Page 211 - Emir Kalkan Hikaye Yarışma
P. 211
Melisa Yılmaz | Üflenmemiş Rüzgarlar
Yanına geldiğimde gece yaşlanmaya yüz tutmuştu ve serin teninde kıpraşan ay,
usulca çekilmeye başlıyordu.
Sağ tarafına, soluğunu duyabilecek denli yakınına oturdum. Üşümüş ellerinden
birini dizime koydun ve gözlerime baktın.
“Aslında herkesin birbirine yabancı olduğu bir yerde, yabancı olduğunu bilen tek
kişiyim.” dedin bana, fısıltın titrek ve kırıktı. “O haklı. Ne yapacağım?
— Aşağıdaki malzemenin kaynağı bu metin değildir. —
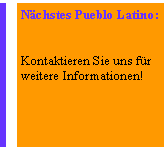 Wir organisieren Wochenendseminare in ausgewählten Seminarorten. Hier wird Spanisch mit allen kulturellen Elementen und den unterschiedlichen Lebensbereichen der hispanoamerikanischen Welt vermittelt. Pueblo Latino heißt lateinamerikanischen Alltag in einem oberösterreichischen Dorf erleben. Das Erlernen der spanischen Sprache mit Schwerpunkt auf Kommunikation wird unter anderem begleitet von Erzählungen, Bildern, Musik und was Lateinamerika sonst noch ins Haus bringen kann. Zielgruppe sind Teilnehmer, die Spanisch intensiv erleben wollen — also Spanisch rund um die Uhr.

Burada onunla
yaşlanamam. Onu daha fazla utandıramam.”
“Sevgilim, eminim o… O onları sadece kızdığı için söyledi.”
“İnsanlar hiç düşünmedikleri şeyleri sözcüklere dökemezler.” diye geçiştirdin
tesellimi, omuzlarını silktin bu ihtimali çoktan elemişçesine. “Sevgilin… Ben senin
sevgilin miyim? Sahiden öyle miyim? Annemle babamın kızı olmak dışında kimsenin
bir şeyi olmadım ben.” Ayağa kalktın, hala gözlerimin içine, beni en ince hücrelerime
değin anlamaya çalışırcasına bakıyordun. Sonra gülümsedin, çeneni kaldırdın ve
bakışlarını gökyüzüne çevirdin. Ve gökyüzü gözlerin oldu. Saçların omuzlarından
geriye savrulup beline döküldüler. Bluzunu çıkardın, pantolonunu, ayakkabılarını…
Annenin, babanın, ya da bir başkasının bizi görmesinden korkmuyorduk, o an
Tanrı’nın kendisinden bile korkmuyorduk. Çünkü biliyorduk. Dünyanın bir ucunda,
yılı on üç ay olarak yaşayan küçük, deli, yersiz bir kız gitmeye, çok uzaklara gitmeye
karar vermişti ve bu onun veda hediyesiydi.
Nitekim sabahın ilk saatlerinde, günışığı cılız bir serzenişle göğüs kemiklerimize
vuruyorken, birbirimize hiç dokunmadan yan yana uzanmış o şarkıyı söylüyorduk.
Yıllar önce tek bir kez söylediğin şarkıyı. Bana yurt yok, dost yok, yalnız gideceğim;
yine de vedalarım sevgi, kollarım çiçek dolu…
Ve gittin. Yalnız.
Yıllar, ömür gibi uzun, kül kadar acı nice yıllar geçti, geri dönmedin.
7 Eylül
Deina, Sevgilim,
Kelimelerimi değil, dingin suskunluğumu yeğlediğini biliyorum. Ama ben şimdi
suskunluğun evi olmuş, dünyanın bütün kelimelerine uzak, terk edilmiş bir evin ölü-
leriyle birlikteyken, elimden sana yazmaktan başka türlüsü gelmiyor. Çünkü annen
bugün öldü. Gerçekten yağmurlu bir gündü.